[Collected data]
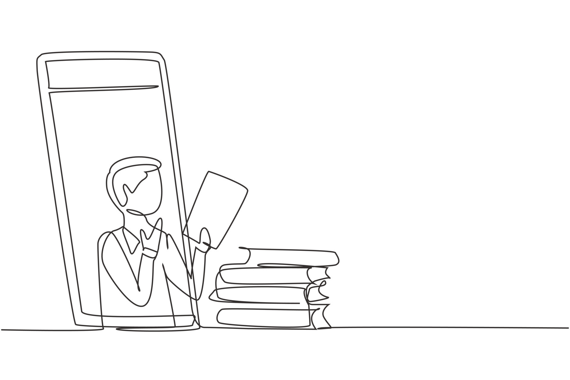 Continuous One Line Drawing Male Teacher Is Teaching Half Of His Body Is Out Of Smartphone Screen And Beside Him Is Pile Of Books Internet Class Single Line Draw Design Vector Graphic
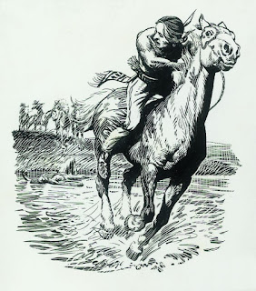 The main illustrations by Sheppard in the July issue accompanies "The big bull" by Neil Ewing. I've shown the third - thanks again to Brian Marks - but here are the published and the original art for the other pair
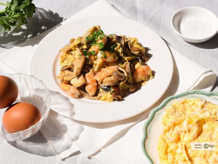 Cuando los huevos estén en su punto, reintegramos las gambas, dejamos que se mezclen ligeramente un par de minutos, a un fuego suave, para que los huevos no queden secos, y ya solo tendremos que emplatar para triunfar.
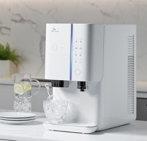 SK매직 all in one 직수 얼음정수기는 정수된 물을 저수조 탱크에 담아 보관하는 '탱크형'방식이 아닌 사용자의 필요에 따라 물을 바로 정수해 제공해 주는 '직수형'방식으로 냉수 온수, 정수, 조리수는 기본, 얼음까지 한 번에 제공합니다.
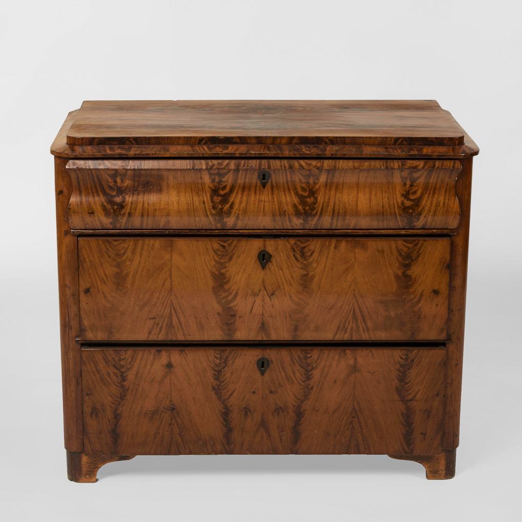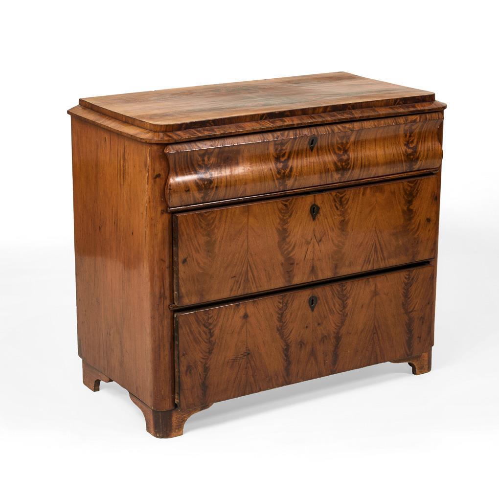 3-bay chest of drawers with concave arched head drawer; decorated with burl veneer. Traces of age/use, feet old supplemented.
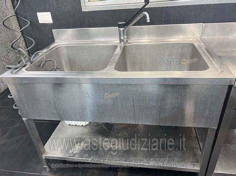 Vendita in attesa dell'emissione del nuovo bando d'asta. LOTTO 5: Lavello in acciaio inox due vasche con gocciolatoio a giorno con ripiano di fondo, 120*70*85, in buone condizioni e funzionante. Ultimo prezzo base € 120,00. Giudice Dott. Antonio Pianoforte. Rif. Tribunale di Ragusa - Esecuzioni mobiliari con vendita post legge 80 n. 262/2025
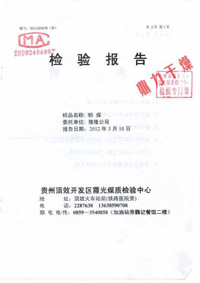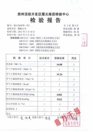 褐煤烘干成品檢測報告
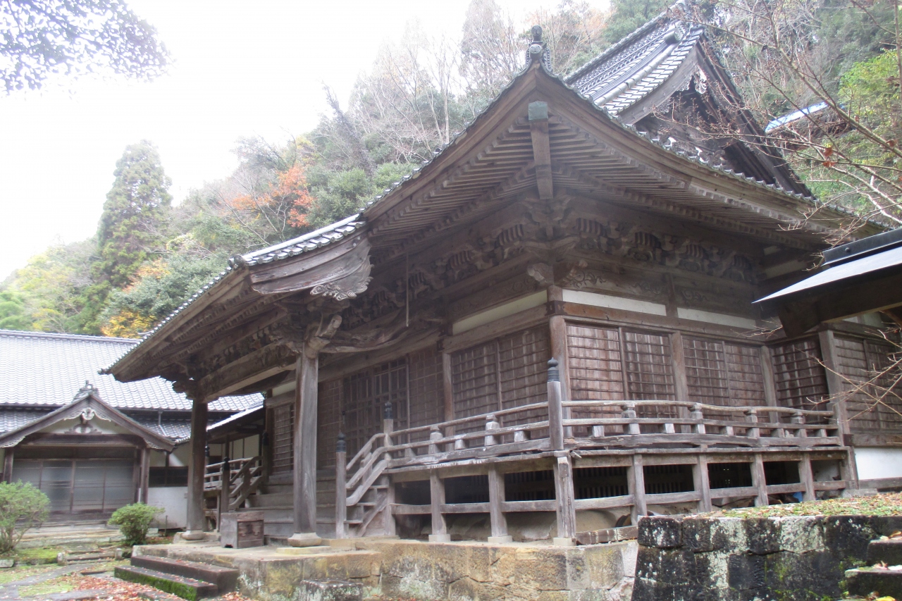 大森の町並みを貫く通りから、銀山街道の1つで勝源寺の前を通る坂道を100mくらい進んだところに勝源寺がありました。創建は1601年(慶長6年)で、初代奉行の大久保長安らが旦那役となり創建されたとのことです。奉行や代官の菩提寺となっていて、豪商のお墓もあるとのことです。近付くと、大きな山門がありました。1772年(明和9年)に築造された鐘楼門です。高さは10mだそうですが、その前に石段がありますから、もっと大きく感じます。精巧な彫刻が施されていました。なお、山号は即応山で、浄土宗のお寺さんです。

→ Work task
The lines to be transcribed are those from the first line of the data above through the line holding "3-bay chest of", inclusive; copy them exactly and only, leaving out the pictures.

→ Expected answer
 Continuous One Line Drawing Male Teacher Is Teaching Half Of His Body Is Out Of Smartphone Screen And Beside Him Is Pile Of Books Internet Class Single Line Draw Design Vector Graphic
 The main illustrations by Sheppard in the July issue accompanies "The big bull" by Neil Ewing. I've shown the third - thanks again to Brian Marks - but here are the published and the original art for the other pair
 Cuando los huevos estén en su punto, reintegramos las gambas, dejamos que se mezclen ligeramente un par de minutos, a un fuego suave, para que los huevos no queden secos, y ya solo tendremos que emplatar para triunfar.
 SK매직 all in one 직수 얼음정수기는 정수된 물을 저수조 탱크에 담아 보관하는 '탱크형'방식이 아닌 사용자의 필요에 따라 물을 바로 정수해 제공해 주는 '직수형'방식으로 냉수 온수, 정수, 조리수는 기본, 얼음까지 한 번에 제공합니다.
 3-bay chest of drawers with concave arched head drawer; decorated with burl veneer. Traces of age/use, feet old supplemented.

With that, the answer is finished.